[Saved data entries]
>>

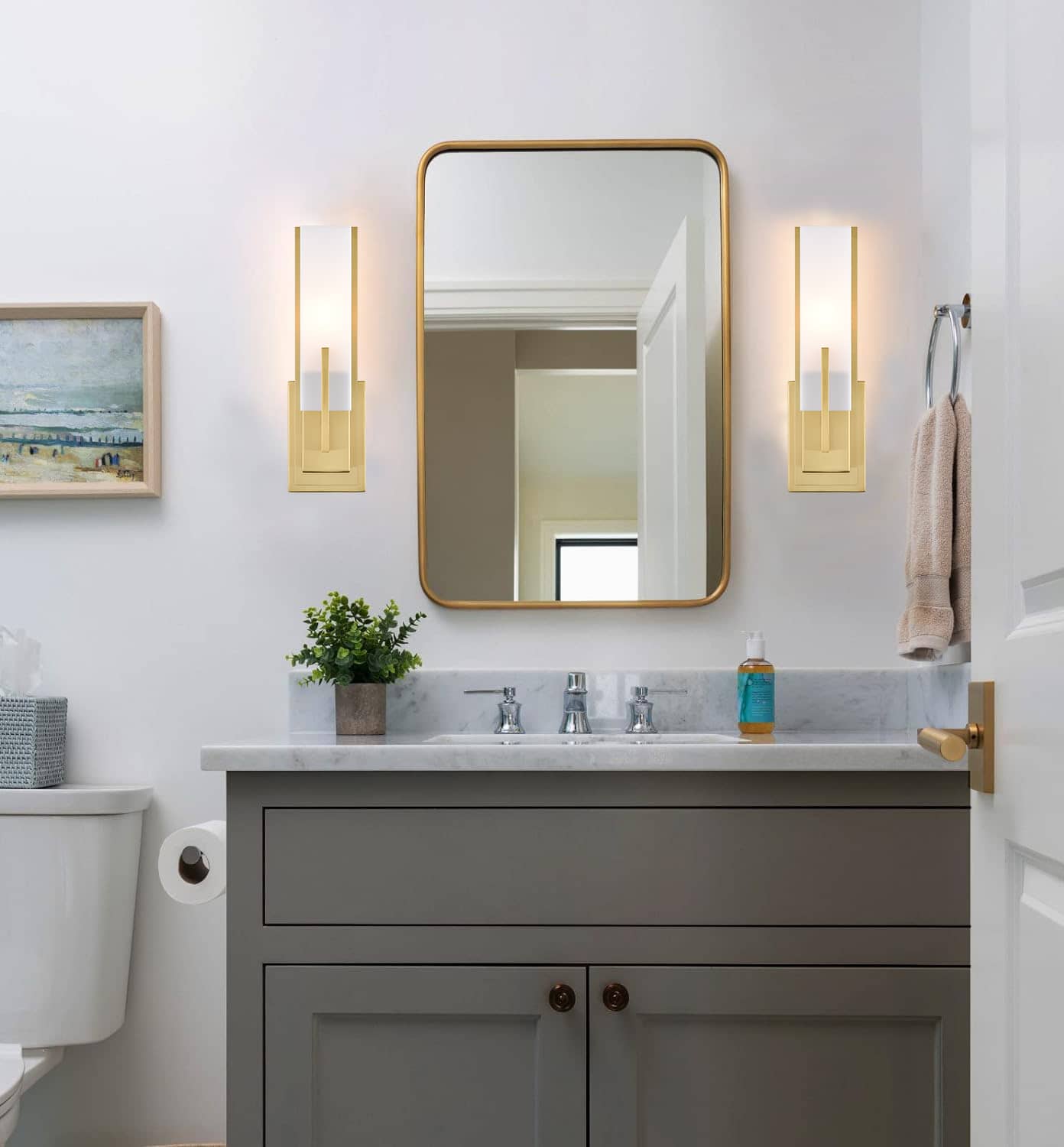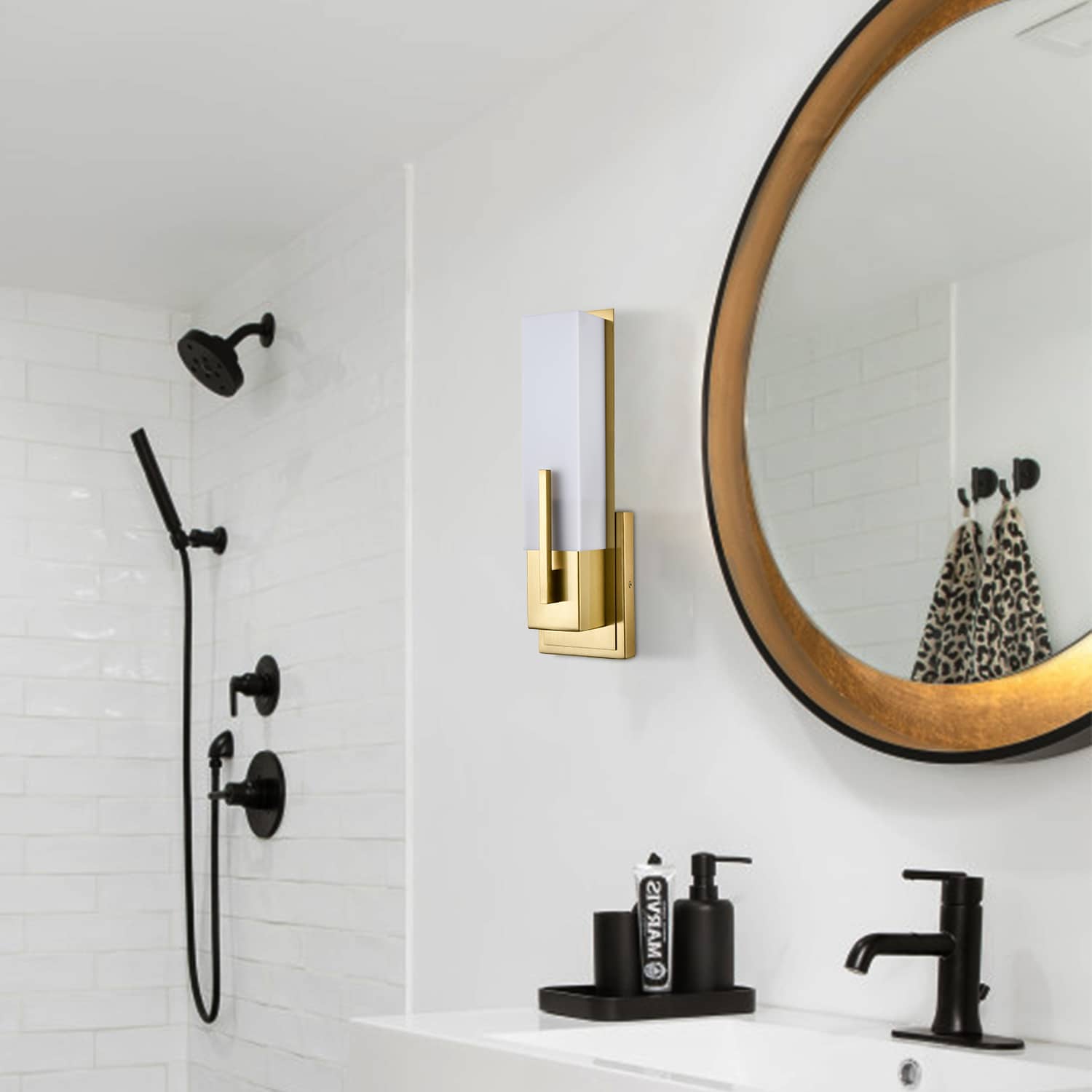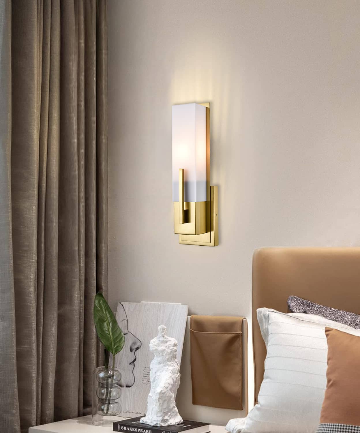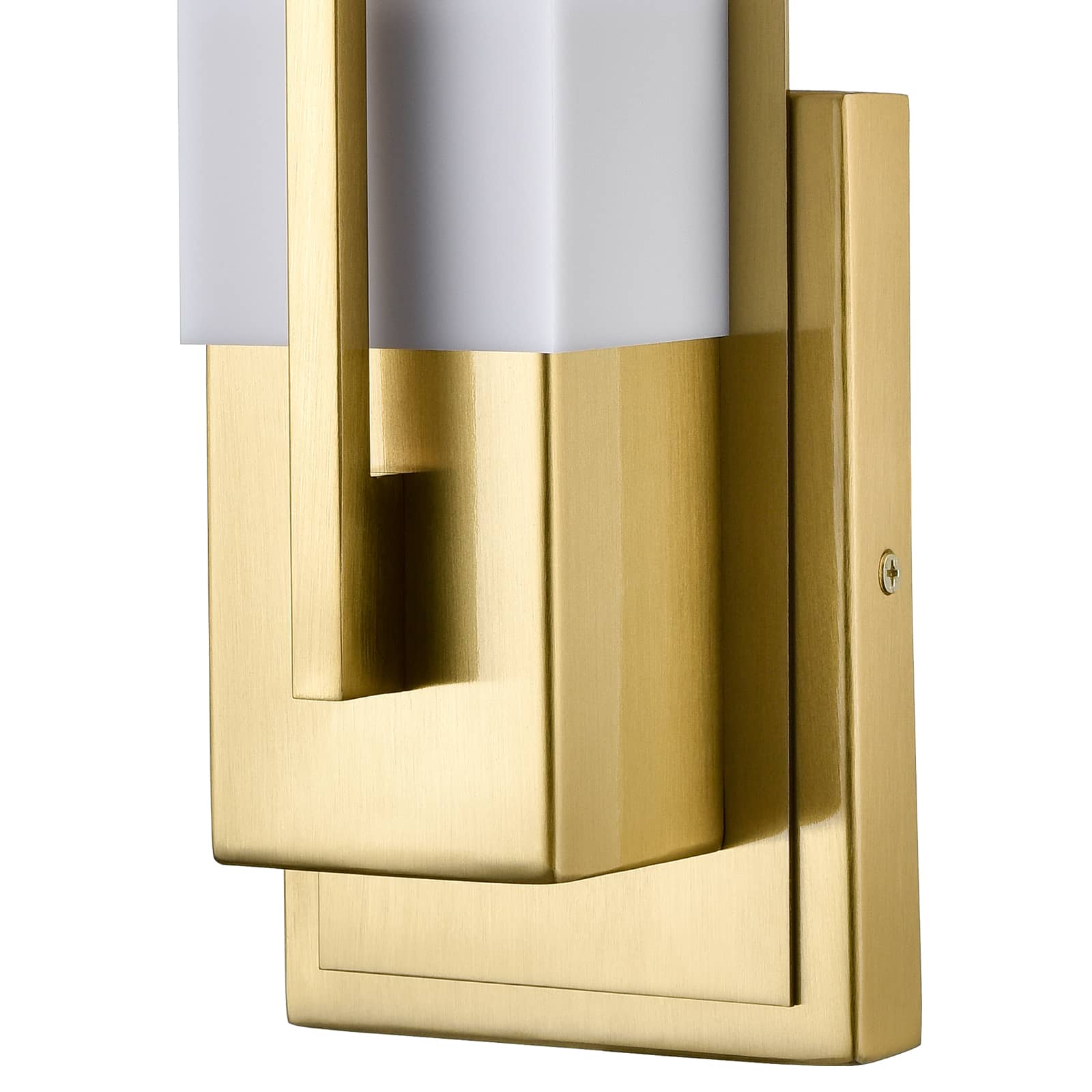 Boasting an electrophoretic gold finish, the modern gold wall sconce livens up your space with a dash of metallic shimmer. A rectangular acrylic shade is designed to house an exposed bulb and lends a touch of geometry to the interior. The rectangular acrylic shade is held aloft by the streamlined metal bar extending to the front of the shade. Its shimmery gold finish and the acrylic shade make for a perfect contrast in the space.
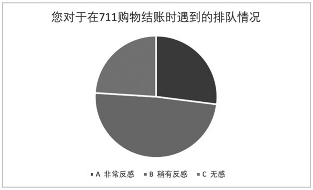 问卷还显示27%的顾客对结账排队非常反感,49%的顾客对结账排队稍有反感,在对此问题进行焦点小组访谈后发现7-11便利店高峰期分为三段,分别是早餐时7:00-8:30,午餐时段11:30-12:30和下午茶时段16:30-17:00,在此阶段7-11便利店经常出现排队结账的情况,同时店员的服务态度 下降也主要出现在该时间段。如图5:
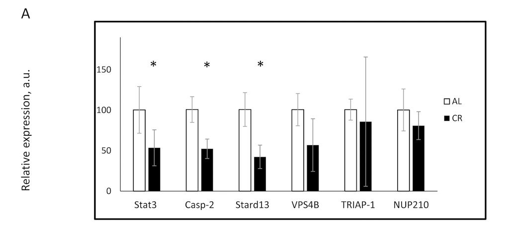 To study the possible physiological consequence of changes in miR-125a-5p expression, we analyzed the effect of CR on its downstream targets. Stat3 and Casp2 were previously reported as targets of miR-125a-5p [32,38]; using bioinformatics we predicted 4 additional targets: Nup210, Stard13, Triap1,and Vps4b. Details of the seeding sequence and target sites on the 3'UTR of identified targets are presented in Supplementary Table S2. Three targets: Stat3, Casp2, and Stard13 demonstrated significant downregulation at the mRNA level in CR samples compared with AL (Figure 2). These results were in inverse correlation with the data on the upregulation of miR-125a-5p in our study. The expression of Nup210, Triap1, and Vps4b genes did not show any statistically significant changes upon CR. Thus, CR induced expression of miRNA caused appropriate changes in the expression of some of its target genes suggesting the potential physiological significance of the regulation of miR-125a-5p expression in response to CR.
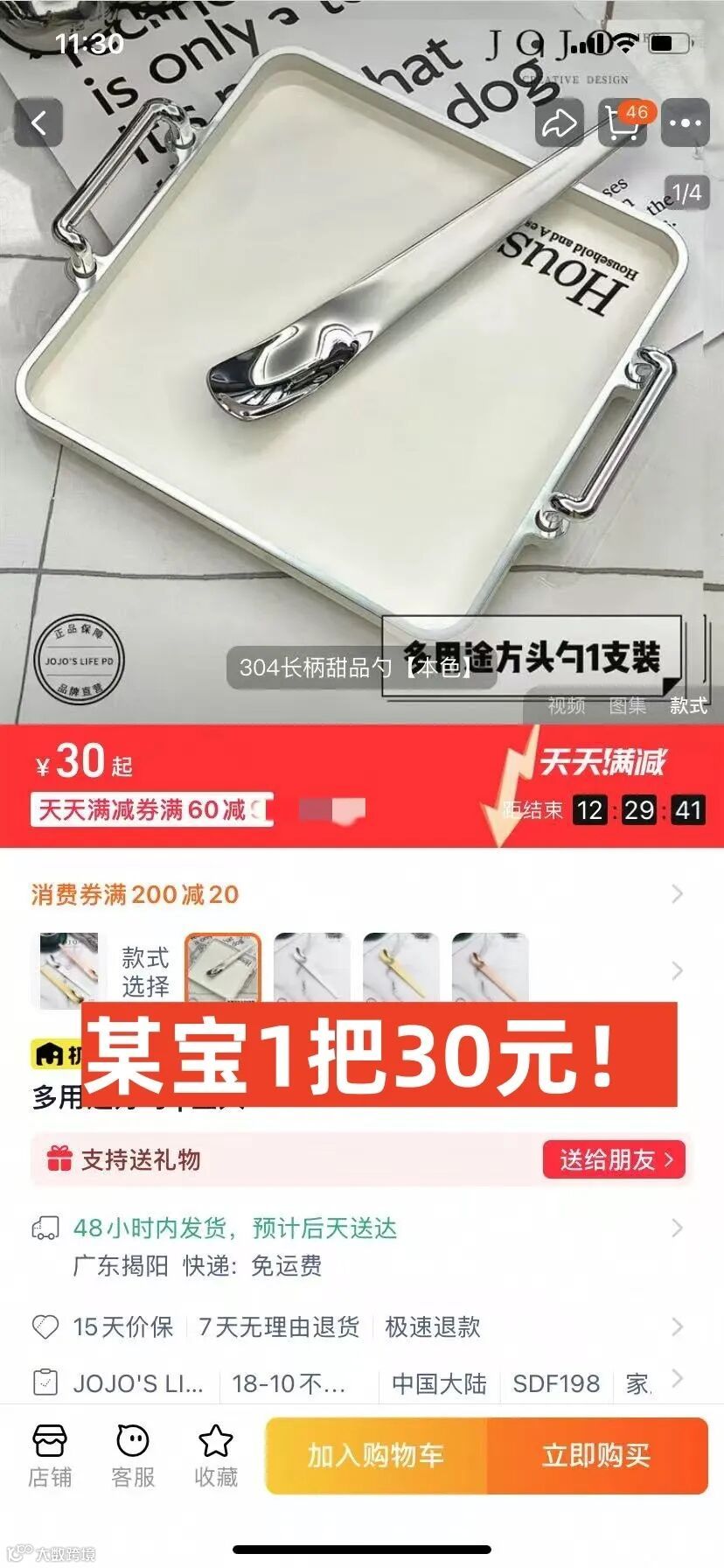 某宝单把30元
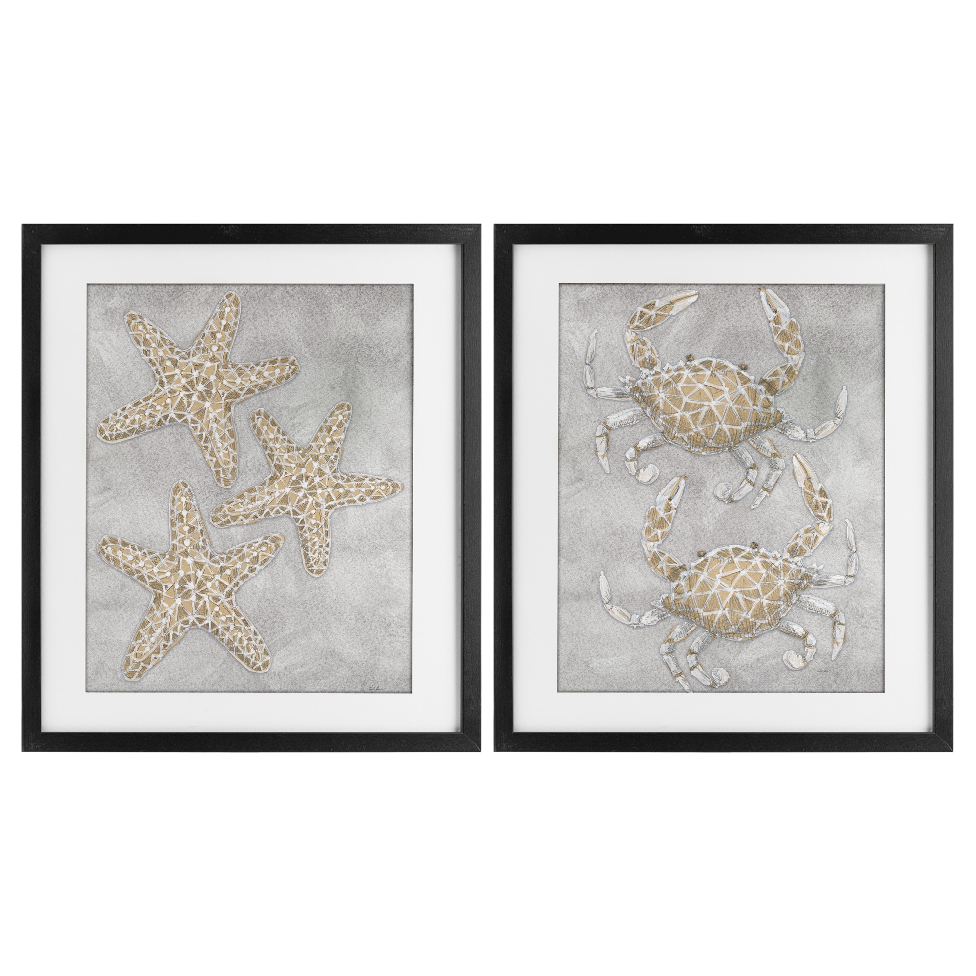 Stupell Grey Starfish & Crab Drawing Framed Art Design By Patti Bishop (Set of 2)
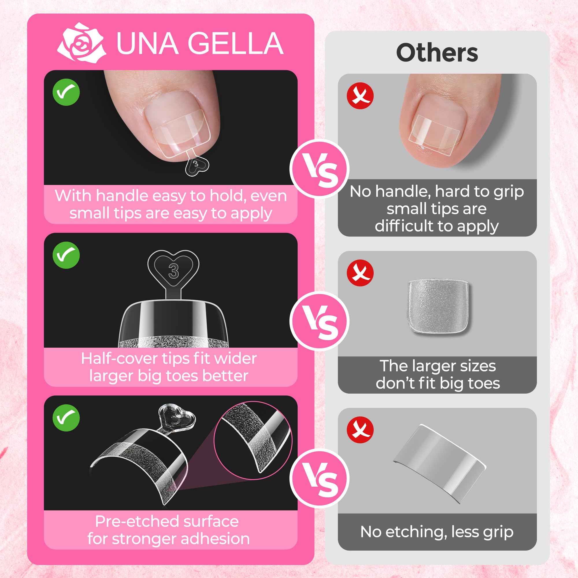 ❤ Designed for Comfort & Longevity: Our toe nail tips feature a medium square round shape that complements the natural toe line for a chic, clean look. These gel toe nail tips are odorless. For optimal results, pair these half cover toe nail tips with UNA GELLA nail glue or gel to achieve a wear time of up to 4 weeks. Whether you are doing a quick color change or a full acrylic extension, this 504-piece set of toe nail tips provides the versatility and durability needed for stunning, long-lasting results.
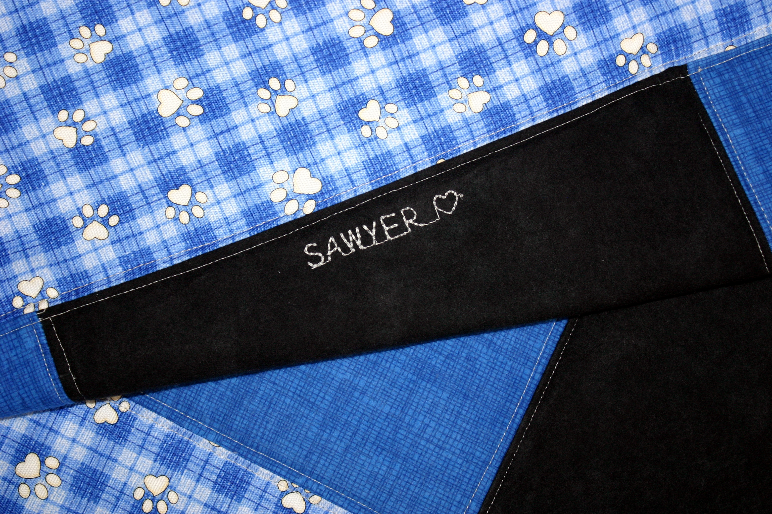 We love the blues that were chosen for Sawyer’s blanket by his Auntie and pal Rainier!
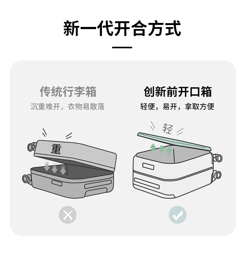 전면 개방 넓은 트롤리 수하물 비밀번호 여행 가방 남성 및 여성 비즈니스 탑승 케이스 강력하고 내구성있는 학생스토어 가기
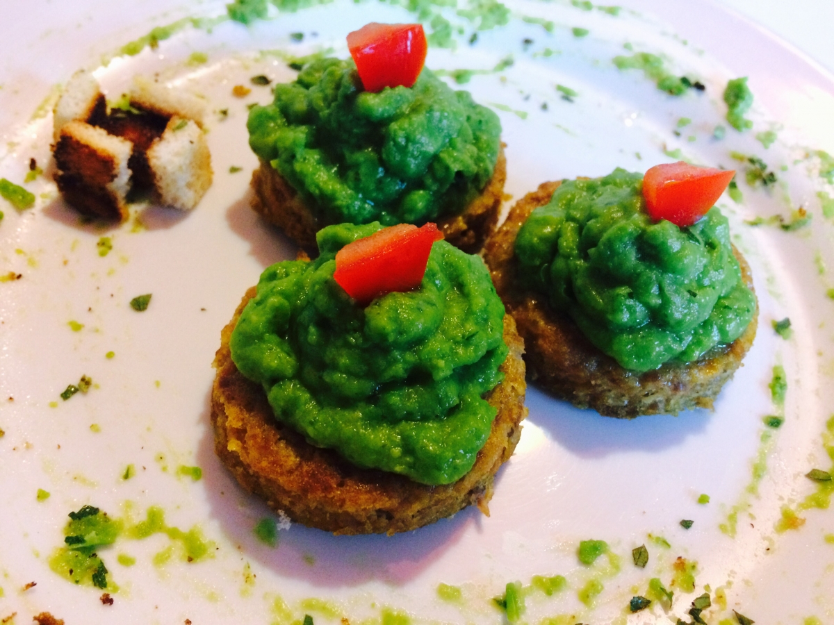 Un dolce che in realtà non lo è: la crema è di piselli e zucchine, insaporita con sale e pepe, e, in superficie, al posto della “ciliegina sulla torta”, abbiamo messo un pomodorino.
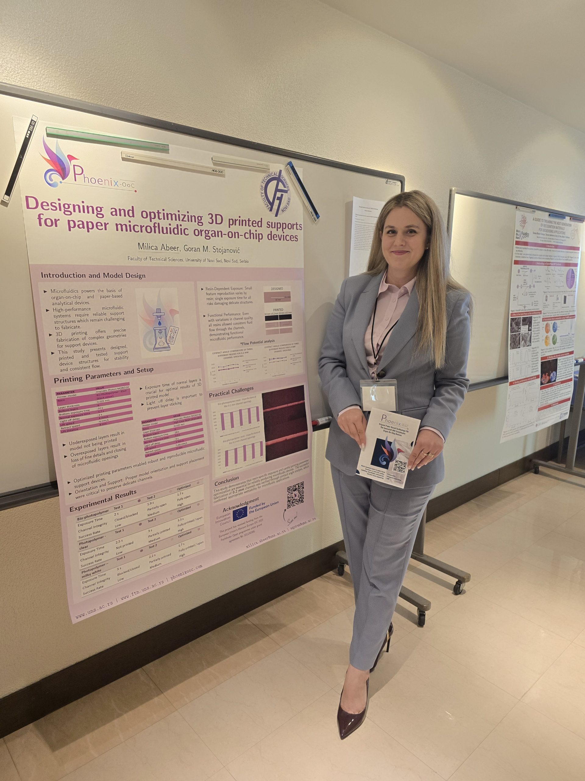 During the conference, Milica presented a poster showcasing her ongoing research within the Phoenix-OoC project. The presentation focused on microfluidic concepts and potential applications of her work. The poster drew great interest from attendees, sparking insightful discussions and valuable feedback.

<<

*Work to complete:* Copy out exactly the lines above beginning with the line that contains "问卷还显示27%的顾客对结账" and finishing with the line that contains "Stupell Grey Starfish", including both; leave the pictures out.

*Exercise solution:*
 问卷还显示27%的顾客对结账排队非常反感,49%的顾客对结账排队稍有反感,在对此问题进行焦点小组访谈后发现7-11便利店高峰期分为三段,分别是早餐时7:00-8:30,午餐时段11:30-12:30和下午茶时段16:30-17:00,在此阶段7-11便利店经常出现排队结账的情况,同时店员的服务态度 下降也主要出现在该时间段。如图5:
 To study the possible physiological consequence of changes in miR-125a-5p expression, we analyzed the effect of CR on its downstream targets. Stat3 and Casp2 were previously reported as targets of miR-125a-5p [32,38]; using bioinformatics we predicted 4 additional targets: Nup210, Stard13, Triap1,and Vps4b. Details of the seeding sequence and target sites on the 3'UTR of identified targets are presented in Supplementary Table S2. Three targets: Stat3, Casp2, and Stard13 demonstrated significant downregulation at the mRNA level in CR samples compared with AL (Figure 2). These results were in inverse correlation with the data on the upregulation of miR-125a-5p in our study. The expression of Nup210, Triap1, and Vps4b genes did not show any statistically significant changes upon CR. Thus, CR induced expression of miRNA caused appropriate changes in the expression of some of its target genes suggesting the potential physiological significance of the regulation of miR-125a-5p expression in response to CR.
 某宝单把30元
 Stupell Grey Starfish & Crab Drawing Framed Art Design By Patti Bishop (Set of 2)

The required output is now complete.